Hear the story of Lord Rhys and his children, told by Delun Gibby, Community Archaeologist of Pembrokeshire Coast National Park

Nevern after the Castle

It is recorded that in 1195 Hywel Sais slighted (destroyed) Nevern Castle to prevent it falling into Anglo-Norman hands. By 1204, Anglo-Norman forces had retaken control of north Pembrokeshire including Nevern.

A new castle and borough were established in Newport by 1204 and Nevern Castle disappears from the written record. By the 14th century, easy access to a town was much more important than military defences. While many towns improved their roads and took down their defences, some 12th century settlements were simply abandoned.

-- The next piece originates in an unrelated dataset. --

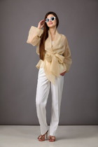 Лаконичный крой, модные цвета и идеальная  посадка делают этот комплект-тройку актуальным во все времена! Жакет полуприлегающего силуэта с центральной застежкой на одну пробивную петлю и пуговицу. Перед с рельефными швами, с горизонтальными карманами с клапаном и двумя обтачками. Спинка со средним швом и рельефными швами, выходящими от линии проймы. Рукава втачные, двухшовные, низ декорирован пришивной пуговицей. Воротник – втачная стойка. Жакет на подкладке и с плечевыми накладками. Блуза полуприлегающего силуэта с фигурной линией низа. Перед с нагрудными вытачками. Застежка по центру горловины спинки на навесную петлю и пуговицу. Рукава – крылышко со сборкой по окату. Юбка зауженная к низу, на притачном поясе, застегивающемся на одну  петлю и пуговицу. Застежка в среднем шве заднего полотнища на потайную тесьму-молнию. Переднее полотнище с талиевыми вытачками. Заднее полотнище с талиевыми вытачками и средним швом, заканчивающимся шлицей. Юбка на подкладке.
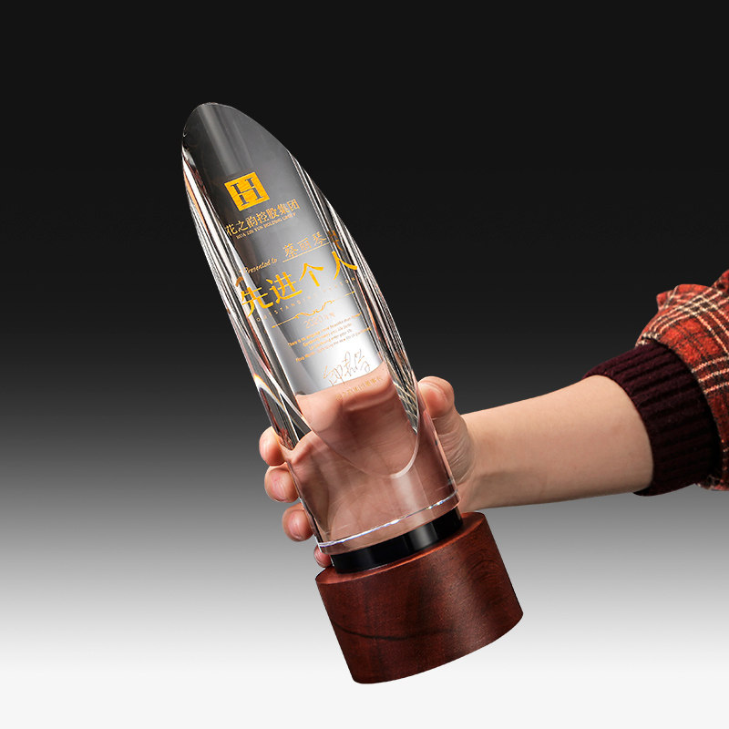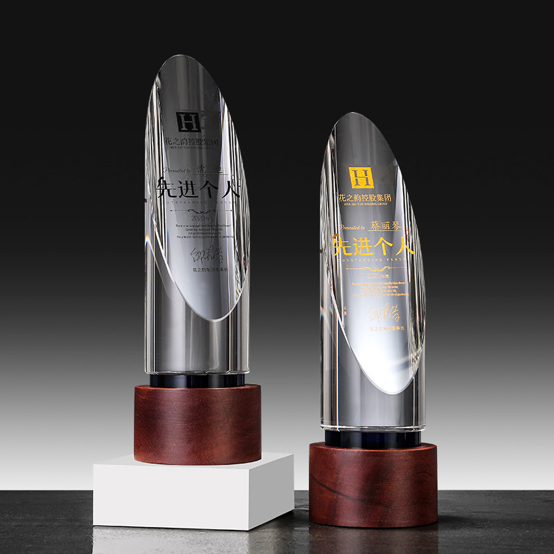 Crystal Trophy Medal Custom Upscale Wooden Trophy Creative Bevel Cylindrical Trophy Wholesale Customization Volume

Even without the castle, the village of Nevern in the more comfortable valley below continued throughout the medieval period. The church of St Brynach was rebuilt in stone between the 13th and 16th centuries and Nevern was an important stop on the pilgrimage route to St David’s Cathedral. There was active quarrying and export of slate from Nevern in the 16th and 17th century, although by 1603 the local historian George Owen described Nevern as one of nine Pembrokeshire “boroughs in decay.” From the 13th century to the present day, Nevern has largely been a village supporting the local agricultural community.

The use of the Welsh language, personal and place names haves continued around Nevern and the parishes of north Pembrokeshire from prehistory to the present day—unlike mid and south Pembrokeshire, where English place names, personal names and language are most commonly used. The Landsker line—the name for the boundary that divides these two zones— reflects the 12th century displacement of the Welsh population of mid and south Pembrokeshire by Flemish and English Anglo-Norman settlers, as their languages began to evolve into what we know as English today.